Open source data management: Sherlock open for all
EI provides a new, easy, customisable, open source data management platform for the bioinformatics community
The Earlham Institute provides a new, easy, customisable method of data management for smaller research groups who don’t have the resources to develop a modern, big data solution.
In line with our open access approach, Máté Szalay-Bekő of the Tamas Korcsmáros group has open sourced Sherlock to help the bioinformatics community.
Borrowing open source tools from big players such as Amazon and Facebook, Sherlock is a platform to analyse bioinformatics data using modern, big data technologies.
The tool will be especially useful for small research groups who don’t necessarily have the resources to develop their own big-data management solution, who are free to customise the software.
Máté tells us, “We want to encourage everyone to use Sherlock, and also to customise it for themselves. The code is open and we hope that the documentation and examples we provided can help in their daily work. We are open to any suggestions for further development, and also excited for the feedback.”
Using Sherlock can improve data quality and reduce the complexity of data management in any bioinformatics lab.

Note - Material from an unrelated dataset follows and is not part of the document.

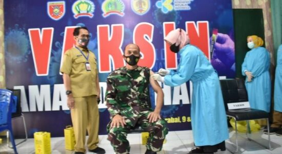 Barabai – Seluruh anggota Kodim 1002/Barabai dan anggota Yonif 621/Manuntung, Minvetcad VI/10 Barabai dan Poskes 06.10.09/Barabai mengikuti kegiatan serbuan vaksinasi tahap II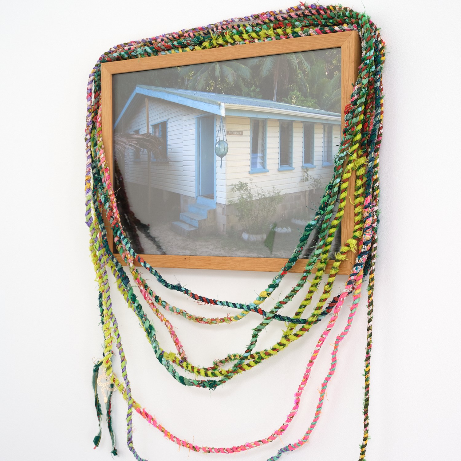 Framed digital photograph, adorned with hand-twisted cord and found objects.

There is some initial investment in understanding big data concepts and technologies, but pays back in the time saved when, instead of downloading six different public databases and writing a dozen scripts that might take a whole day or longer, you can run a query and have the answer to your desired research question in 15 minutes.
On future plans, Máté explains, “Sherlock is not a finished project. On the contrary, it has just started. As we are using it and integrating more and more data into this platform in our research group, we will always share these new scripts / examples. Of course, the best outcome would be to have many people joining us, resulting in real, community-driven open source development.”